TASK PROMPT:
Restate word for word the section of the entries that opens at the line containing "GRACEHAVEN – COMPREHENSIVE CASE MANAGER (DAYTON) Join" and closes at the line containing "United Cutlery’s classic", both lines kept, pictures dropped.

SUPPLIED DATA:
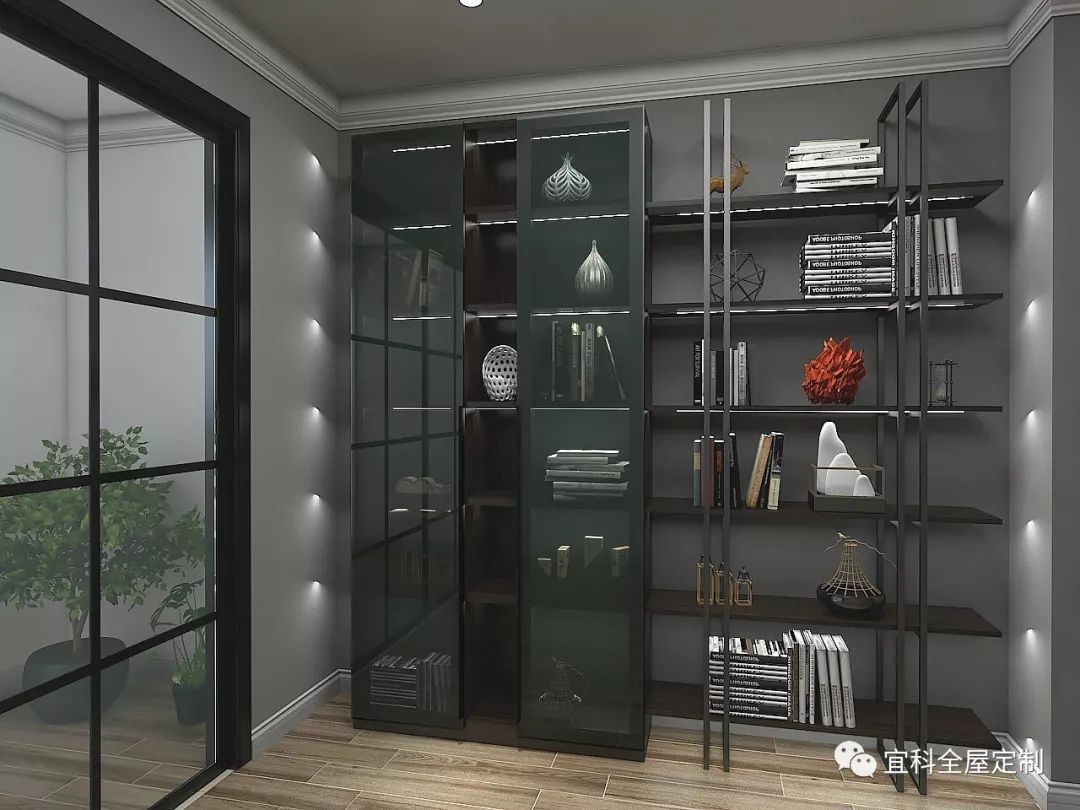 宜科的這款摩柯黑森系展示架,以金屬元素做主結(jié)構(gòu),摩柯木質(zhì)擱板為框架,部分區(qū)域以灰玻柜門為遮擋,工業(yè)風(fēng)的冷峻、硬朗,油然而生出一種理性的秩序感。
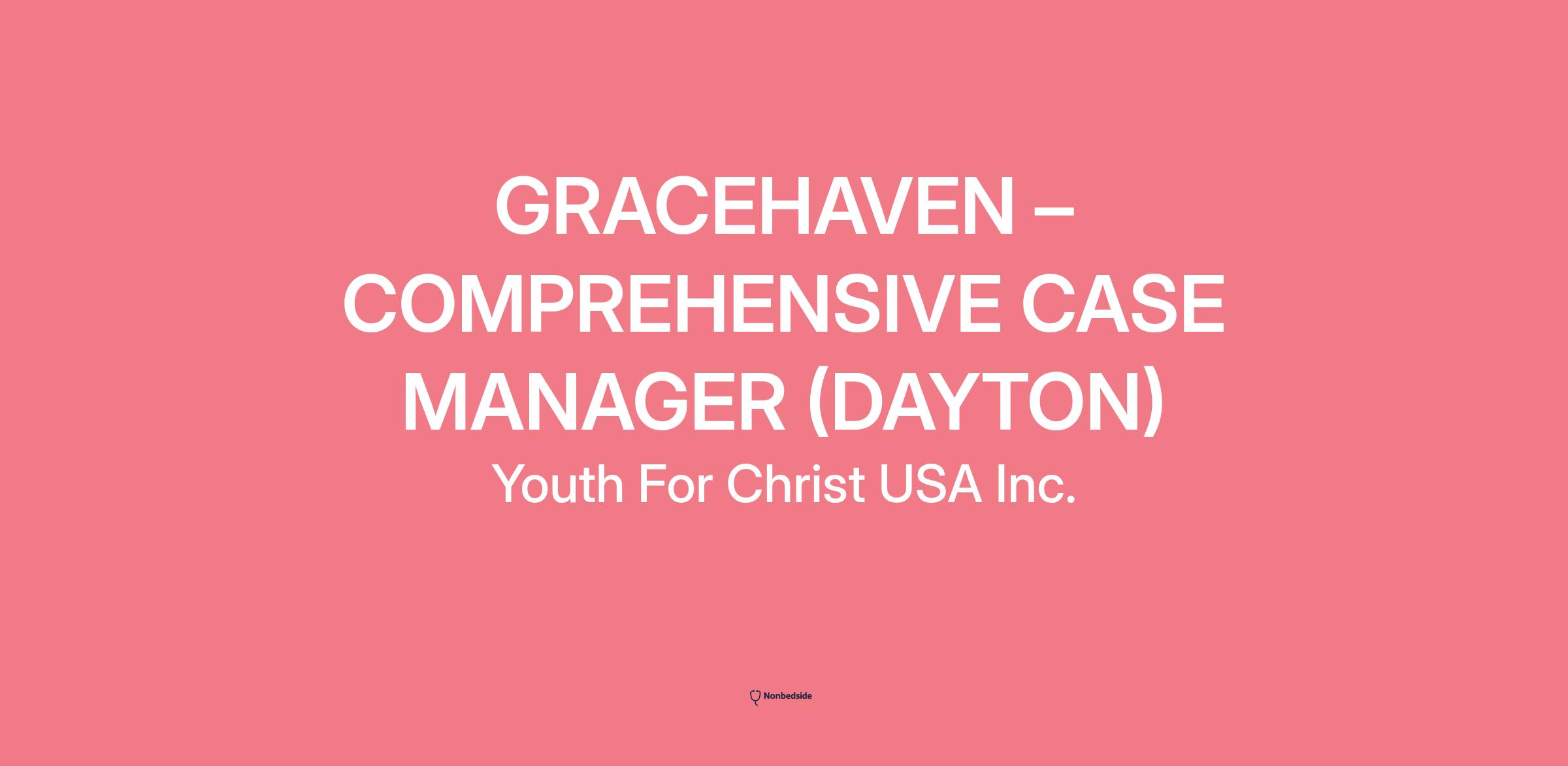 GRACEHAVEN – COMPREHENSIVE CASE MANAGER (DAYTON) Join to apply for the GRACEHAVEN – COMPREHENSIVE CASE MANAGER (DAYTON) role at Youth For Christ USA Inc.
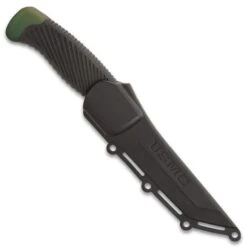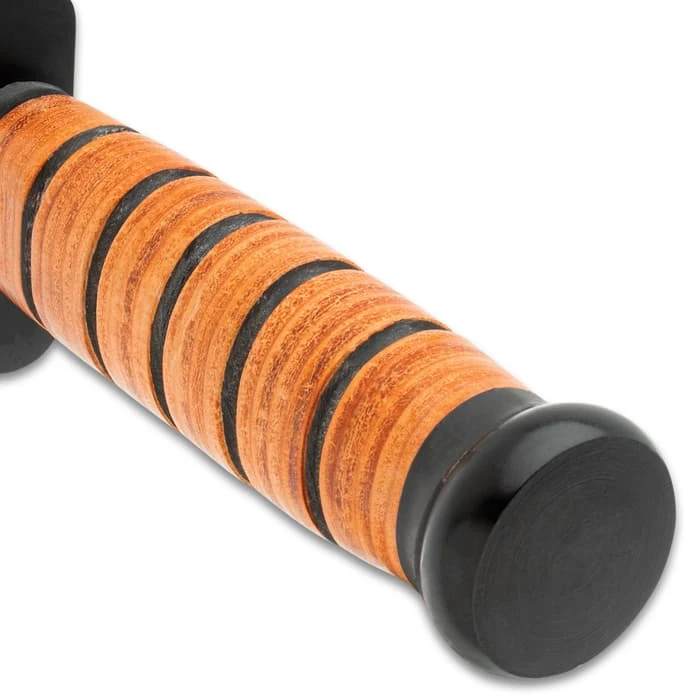 United Cutlery’s classic USMC combat fighter knife features a rock solid 420 stainless steel fixed blade with a heat treated black finish. The 7″ clip point blade is razor sharp and includes a heavy blood groove. The genuine leather handle is stacked just like the classic knives traditionally carried by Marines, complete with a protective hand guard and cast pommel. This top quality fixed blade knife comes to you with a handsome embossed leather sheath.
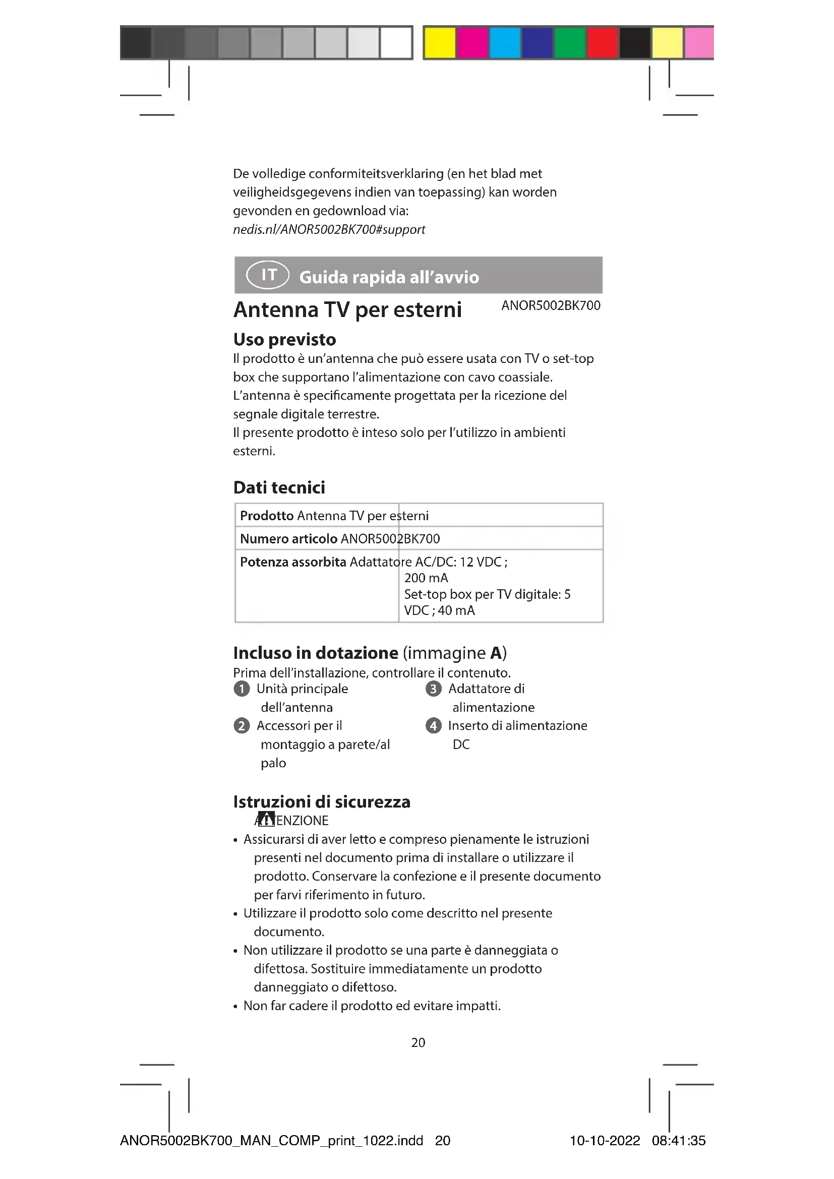 Guida rapida all’avvio Antenna TV per esterni ANOR5002BK700 Uso previsto Il prodotto è un’antenna che può essere usata con TV o set-top box che supportano l’alimentazione con cavo coassiale.L’antenna è specicamente progettata per la ricezione del segnale digitale terrestre.Il presente prodotto è inteso solo per l’utilizzo in ambienti esterni. Dati tecnici Prodotto Antenna TV per esterniNumero articolo ANOR5002BK700Potenza assorbita Adattatore AC/DC: 12 VDC ; 200 mASet-top box per TV digitale: 5 VDC ; 40 mA Incluso in dotazione (immagine A) Prima dell’installazione, controllare il contenuto. 1 Unità principale dell’antenna 2 Accessori per il montaggio a parete/al palo 3 Adattatore di alimentazione 4 Inserto di alimentazione
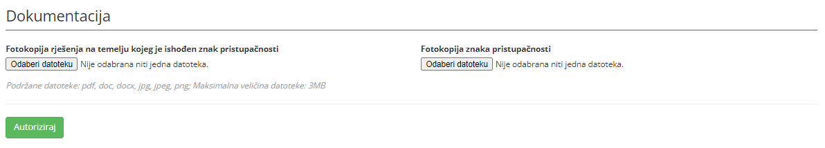 Nakon unosa podataka o podnositelju zahtjeva potrebno je poslati dokumentaciju na temelju koje će se odobriti autorizacija:
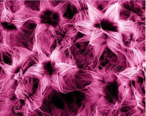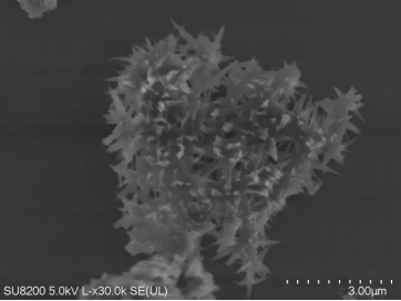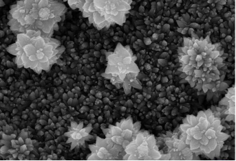 5、几颗细小的种子,经历一段水与火的艰难成长,终绽放成绚烂的花朵,扎根于细小石砾间,纵然根浅,相依相偎,借由电子的洞察,将尘中之花献与世间。这是一幅意外得到的电镜照片,过量的生长液阻碍了纳米线形成,在不均匀的位点快速生长团聚而形成了类似莲花的纳米花形状,而更多的晶种则停止生长,维持较小的颗粒,仿佛供给花开养料的土壤。虽是失败的实验,却是美丽的奇迹。秦羽同学带来的21号作品“晶莲”,最终获得了433票。

YOUR SOLUTION:
 GRACEHAVEN – COMPREHENSIVE CASE MANAGER (DAYTON) Join to apply for the GRACEHAVEN – COMPREHENSIVE CASE MANAGER (DAYTON) role at Youth For Christ USA Inc.
 United Cutlery’s classic USMC combat fighter knife features a rock solid 420 stainless steel fixed blade with a heat treated black finish. The 7″ clip point blade is razor sharp and includes a heavy blood groove. The genuine leather handle is stacked just like the classic knives traditionally carried by Marines, complete with a protective hand guard and cast pommel. This top quality fixed blade knife comes to you with a handsome embossed leather sheath.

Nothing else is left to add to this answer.